Labor’s leader, Bill Shorten, is desperate to make a name for himself proclaiming his latest housing thought bubble as the “biggest national housing program since the Second World War”. Whilst it’s commendable to fight for the Aussie battler and tackle housing affordability, his ideas are short sighted and damaging for the future of our property market.
Here’s an overview of his housing policy, if elected;
Labor would commission the construction of 250,000 new affordable homes, designed for; Low-income, working families and Australians at risk of loneliness and homelessness. The homes would be fully accessible with a universal design for all ages and for people with disability and be more energy efficient.
If investors construct new properties and place them for rent at 20% under market value, a subsidy of $8,500 a year for 15 years would be available for the investor.
Labor will reform negative gearing and capital gains tax on residential investment housing by limiting negative gearing to investment in new housing and halving the capital gains tax discount to 25%.

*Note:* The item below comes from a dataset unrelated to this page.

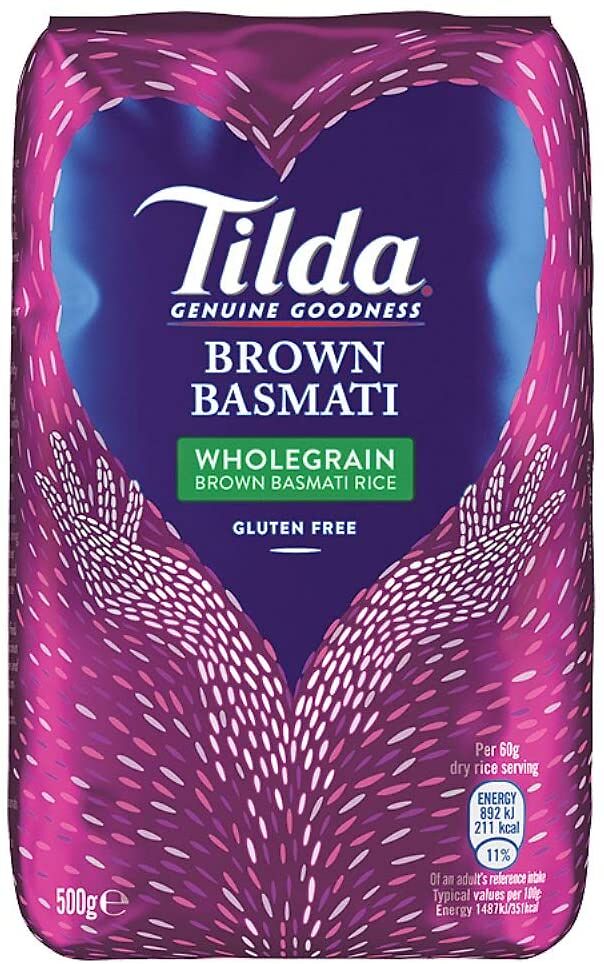Opis: Ryż brązowy basmati w opakowaniu 500g firmy Tilda to charakterystyczny długoziarnisty ryż o specyficznym smaku i aromacie. Najczęściej spożywany w Pakistanie oraz Indiach skąd oryginalnie pochodzi. Po ugotowaniu jest dość sypki i bardzo dobry. Od połowy stulecia zdajemy sobie sprawę, że ryż basmati znajduje się w centralnym miejscu na prawie każdym stole. Używamy najlepiej wyselekcjonowanych ziaren, a dzięki temu nasz ryż jest pełen naturalnych dobrych składników, długi o wyrazistej konsystencji. Zachwyca smakiem od pierwszego spróbowania.

Labor will ban Limited recourse borrowing by self-managed superannuation funds for housing investment.
Labor will double the foreign investment application fees which currently apply to foreign investment in new residential property.
It’s quite clear Labor’s policy hasn’t been thought through or future proofed to ensure housing affordability is actually considered for both the short and long term. Sure, building another 250,000 homes would be helpful, but that’s across the whole of Australia, not a major city. So, the impact at a state level is going to be minimal. Let’s look at the issues in more detail.

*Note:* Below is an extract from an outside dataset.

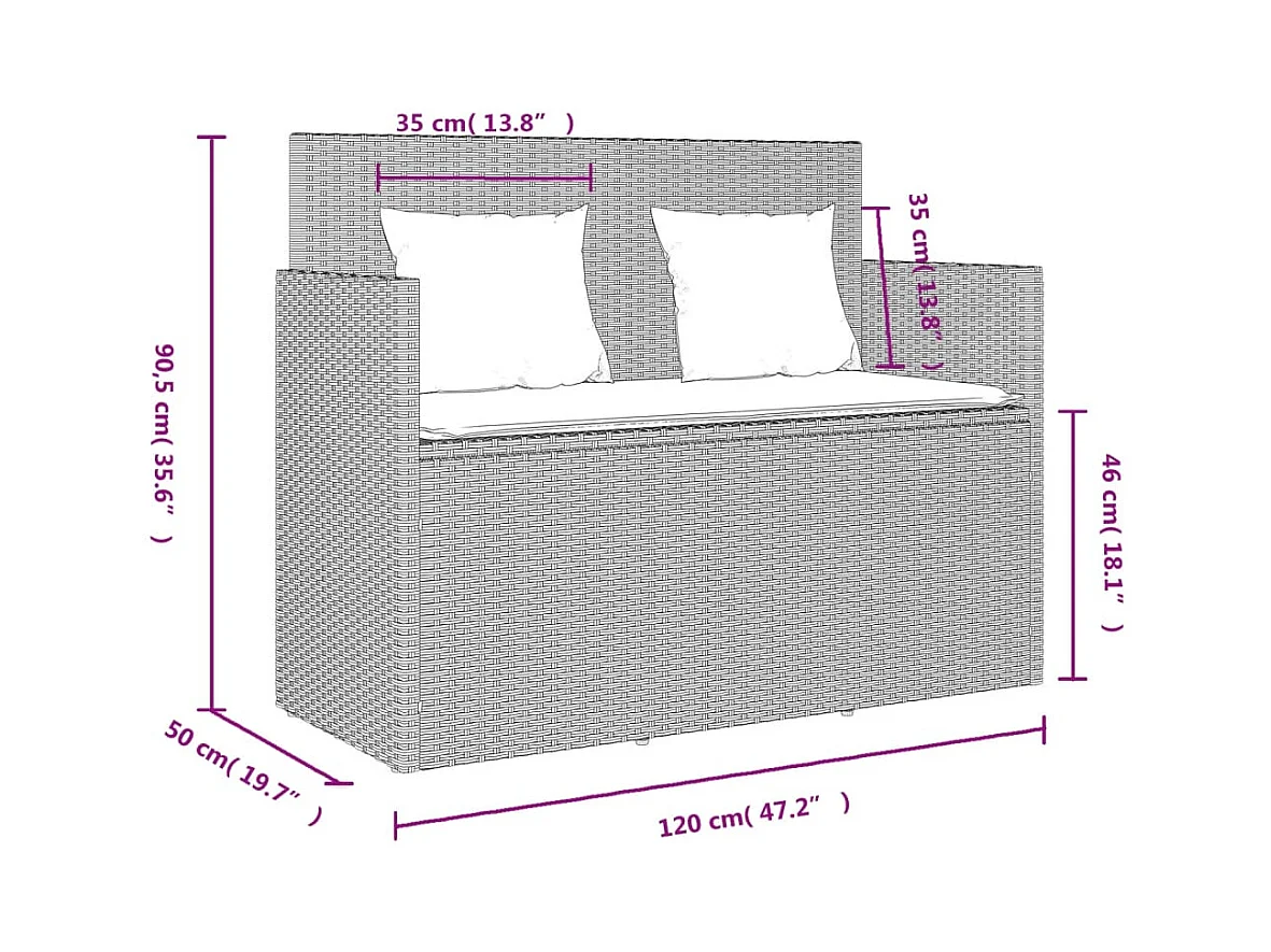 Panca da giardino a 2 posti e cuscini in rattan PP grigio scuro

Labor to commission the construction of 250,000 new affordable homes
I’m confused already… Labor to ‘commission’ or is it ‘Investors to construct’? There is a big difference – and it’s all about who takes the risk. If the property investor is to engage the builder, council approval, construction loan and mortgage whilst meeting the ‘universal’ design attributes – it’s the property investor who takes all the risk. Plus they have to cover the mortgage during construction. Or if Labour commissions them to be sold completed by a property developer, investors take the risk of buying off the plan with values potentially dropping before they are completed.
Investors to rent properties for 20% less than market value to receive subsidy for 15 years
Another risky move for investors. Are low-income tenants the preferred type for your investment property? Will there be an increased risk of missed rental payments, and will the investor ever be able to increase rents as the market changes or if mortgage interest rates increase? Will every investor receive $8,500 a year, or is it a tiered subsidy based on the rental amount or property valuation? If the investor has to sell the property within the first 15 years, the subsidy doesn’t apply to the new purchaser as the property is now second-hand. So, it’s likely the rental will increase back to the market value or more, so the new investor can cover their costs. We’ll see investors locked into their property for 15 years for fear of not being able to sell the property.

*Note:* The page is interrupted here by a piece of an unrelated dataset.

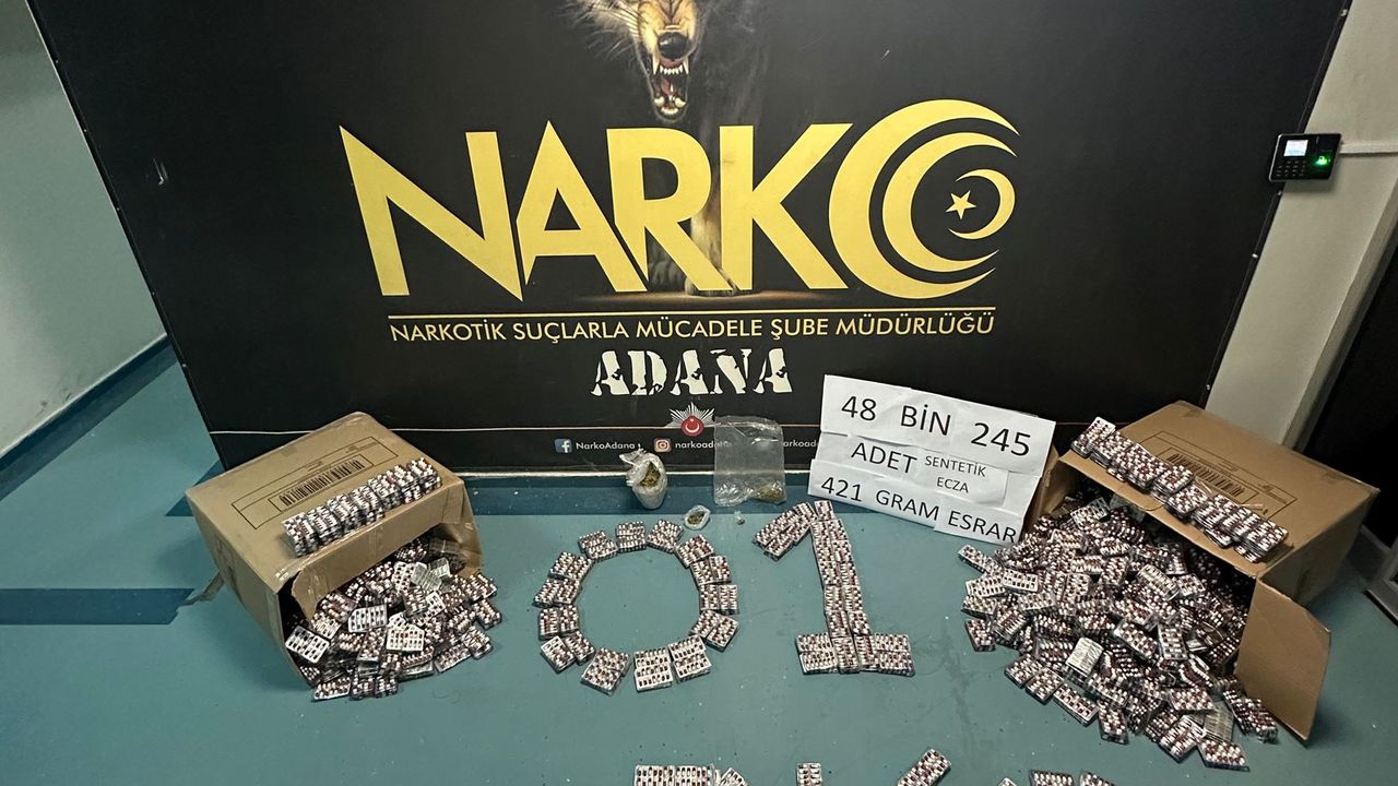 Adreslerdeki aramalarda 179 bin 663 uyuşturucu etkili hap, 500 gram esrar ve 39 gram sentetik uyuşturucu bulundu.

Negative gearing for new properties only
If negative gearing only applies to brand new properties, there is absolutely no incentive for investors to purchase second hand properties. Again, increasing the risk for the investor buying a new property, knowing if they need to sell later on, finding a buyer will be increasingly difficult.
Capital gains tax discount reduced to 25%
Think about a person earning $90,000 a year who makes a capital gain of $100,000 on their investment property. Under the existing system they would pay tax of $19,500. Under Labor’s new policy the tax would increase to $29,250. This will further restrict investors from selling and the notion that most people buy investment properties for their retirement is ludicrous. There needs to be constant turnover of properties in the property market to ensure people have the opportunity to buy, otherwise we’ll be facing even bigger problems later on.
Labor to ban Limited recourse borrowing by self-managed superannuation funds (SMSF)
SMSF lending isn’t just for the wealthy. It provides opportunities for families and individuals to get into the property market in other regions without having to tap into their personal income. It also enables small business to buy a commercial property for their own business to operate out of. Over the last few years, there have been restrictions placed on SMSF lending to slow down this segment, including higher LVRs and liquidity ratios for the super fund. Also, property is one of the safest asset classes for a super fund to invest in, rather than stocks, shares and derivatives.
Labor will double the foreign investment application fees
Sure, foreign investment reached a peak that we were all uncomfortable with. But Australian’s also made a serious amount of money by selling their properties to foreign buyers. There are already many restrictions, high application fees, tighter lending and controls around foreign investment purchases in Australia, so this attempt by Labor is well and truly an afterthought.
If you are a property investor or are thinking about buying your first investment property, picture yourself dealing with the above policy changes. Does your investment still appear to be a good idea? If you currently rent, have a think about whether your landlord would decide to keep their investment property with these changes looming.
We know, as business owners, home owner, property investor and SMSF property owners, these policies scare us. They are catastrophic to the property market, businesses, investors and renters.